Poi è tornato a casa e ha scritto questa paginetta. Tutto è vivo e degno di attenzione per il poeta, dunque anche una merda come me. Sarebbe capace di incuriosirsi e immaginare e far parlare anche il marciapiede che mi stava sotto. Infatti c’è riuscito. Leggerete qui sotto il dialogo tra una merda come me e un marciapiede. Non crederete ai vostri occhi. Eppure bisogna dire che c’è qualcosa di vero in questo colloquio.
Merda Scusami, sai, non volevo… non è colpa mia.
Marciapiede Ma figurati. Lo so che non è stata colpa tua.
Merda Sei molto gentile e comprensivo.
Marciapiede Prego, prego…
Merda Mi dispiace. Ti sto pesando?
Marciapiede No, no… è che l’odore è un po’ fastidioso…
Merda Che imbarazzo! Perdonami!
Marciapiede Tranquillo. È nella tua natura, d’altronde; che merda saresti se non puzzassi almeno un poco? Le merde profumate ancora non l’hanno inventate… Dai, lasciamo perdere. Bisogna rassegnarsi al proprio destino. Credi che a me faccia piacere essere ciò che sono? Sempre sotto i piedi di tutti, calpestato, sporcato dalle merde… scusa, sai, non mi riferivo a te… Ogni tanto mi ripuliscono e talvolta anche mi riparano ma nessuno pensa a me come a qualcosa meritevole di rispetto. Solo il poeta, ora, mostra interesse per me.

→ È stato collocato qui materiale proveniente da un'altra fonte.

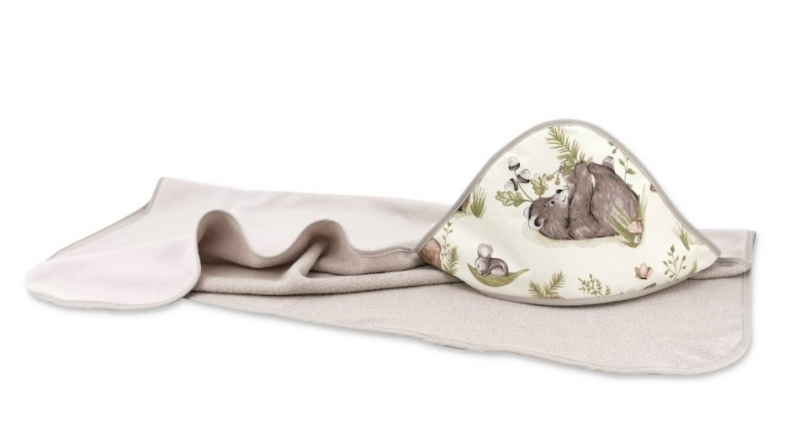 Dětská termoosuška s kapucí, Pohoda v lese, 100 x 100 cm, ecru/šedá

Merda Sì, certo. C’è il poeta, per fortuna. Che pensa di farti parlare, come pensa di far parlare me.
Marciapiede. È vero, hai ragione. Una grande fortuna per noi due.
Merda Effettivamente è una fortuna e una grande consolazione. Allora dovremmo ringraziarlo insieme, il poeta.
Marciapiede & Merda (in coro) Grazie, poeta!
Questo è il dialogo che si è svolto stamattina. Poi è arrivato il netturbino e mi ha spazzato via. A me, alla merda che sono. Ma resterà nei secoli – ma che dico, nei millenni – questo dialogo tra me e il mio amico marciapiede. Addio.
A proposito di merde, mi domando (anche per chiudere questo nauseabondo argomento), perché il mondo è pieno di stronzi?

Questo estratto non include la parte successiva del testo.